Dia berjalan menghampiri saya sambil tersenyum dan menyodorkan
tangannya untuk berjabatan tangan.
Para pembaca, pertemuan yang mendebarkan ini ternyata cukup
menyenangkan, saya seketika merasa nyaman sekali berada di dekat si
Anwar setelah bertemu dan mengobrol ngalor ngidul tentang kehidupan
kami. Orangnya menurut saya sangat open minded, pintar dan sedikit
pemalu, secara fisik cukup menarik, tingginya sekitar 180 cm, kulitnya
putih bersih kecoklatan, rambut pendek, badan cukup berisi hanya
sedikit gemuk di sekitar pinggang.
Tanpa terasa kami sudah ngobrol selama 1 jam, selama ngobrol mata
kami saling bertatapan, dan saya melihat ketulusan dan kejujuran di
sorot matanya, sesekali dia menundukan mata bila saya bertanya yang
sifatnya sangat pribadi, saya merasa berada diatas angin dan
mendominasi pembicaraan. Bahan pembicaraan kami sama sekali tidak
menyinggung mengenai permainan sex yang kita gemari tetapi lebih banyak
ke keluarga, kerja dan lain lain. Sepertinya kita bisa saling terbuka
dengan kehidupan kami. Saya juga merasakan adanya peningkatan atas
kepercayaan dan merasa comfortable dengan dia.

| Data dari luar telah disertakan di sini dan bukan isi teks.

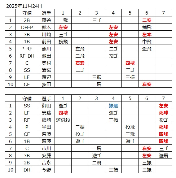 > ウインターリーグ武石ブルーサンダーOB対千葉ファルコンズ写真一覧

Setelah pertemuan itu, kita berjanji untuk saling kontak untuk
pertemuan berikutnya melalui email dan telepon, mungkin kita malu untuk
memulai pembicaraan tentang fantasi permainan yang memang kami sukai
itu secara langsung, mungkin karena ini pun pertemuan pertama kita.
Setibanya saya di rumah saya langsung menyalakan note book dan
mulai menulis email untuk Anwar untuk pertemuan kita yang lebih lanjut.
Di dalam email intinya saya menyatakan kepada dia bahwa saya ingin
menjadikan dia seorang budak sex pemuas nafsu yang mengabdikan badan
dan jiwanya kepada saya sebagai Mistressnya, tentunya dengan batas
batas tertentu yang dia punyai, untuk itu saya menanyakan komitmen dia
dan batas batas yang di sanggupi oleh dia.
Di dalam email saya juga menulis semacam pernyataan atau perjanjian
mengenai kerahasian dan kebersihan yang harus di lengkapi dengan hasil
pemeriksaan lab atas bebasnya dia dari penyakit penyakit kelamin
sebagai syarat saya untuk menyewa dia sebagai budak sex saya.
Setelah kurang lebih 1 minggu (yang serasa lama sekali) saya
mendapatkan email balasan dari si Anwar. Dengan berdebar debar saya
mulai membuka dan membaca email balasan darinya. Di dalam emailnya dia
menyanggupi segala syarat dan keinginan saya, dia juga bahkan
melampirkan hasil scan dari hasil pemeriksaan lab yang meluluskan dia
dari penyakit penyakit. Dia sangat ingin segera mengabdikan dirinya
untuk saya dan juga menuliskan batasan batasan yang dia inginkan.
Pembaca, menurut saya batasan batasan yang di berikan oleh dia
cukup bisa dimengerti. Batasan utama yang diinginkan adalah mengenai
kerahasiaan sehingga permainan hanya berlaku di dalam tempat yang aman
dan discreet dan di luar dari itu hubungan kita tetap hanya sebagai
teman biasa, sehingga "public humiliation/punishment" tidak bisa di
terapkan di dalam permainan kami. Batasan lainnya juga mengenai
penyiksaan yang sampai menimbulkan luka permanen atau mengeluarkan
darah juga tidak dapat di tolerir karena dapat menimbulkan bekas dan
berbahaya. Kemudian ada juga batasan untuk permainan "force
feminization" atau dimana saya melecehkan dia dengan mendandani dia
dengan pakaian perempuan. Sebagai tambahan safety kami juga mempunyai
semacam kata kode, dimana bila dia atau saya mengatakan kode itu semua
permainan akan berakhir.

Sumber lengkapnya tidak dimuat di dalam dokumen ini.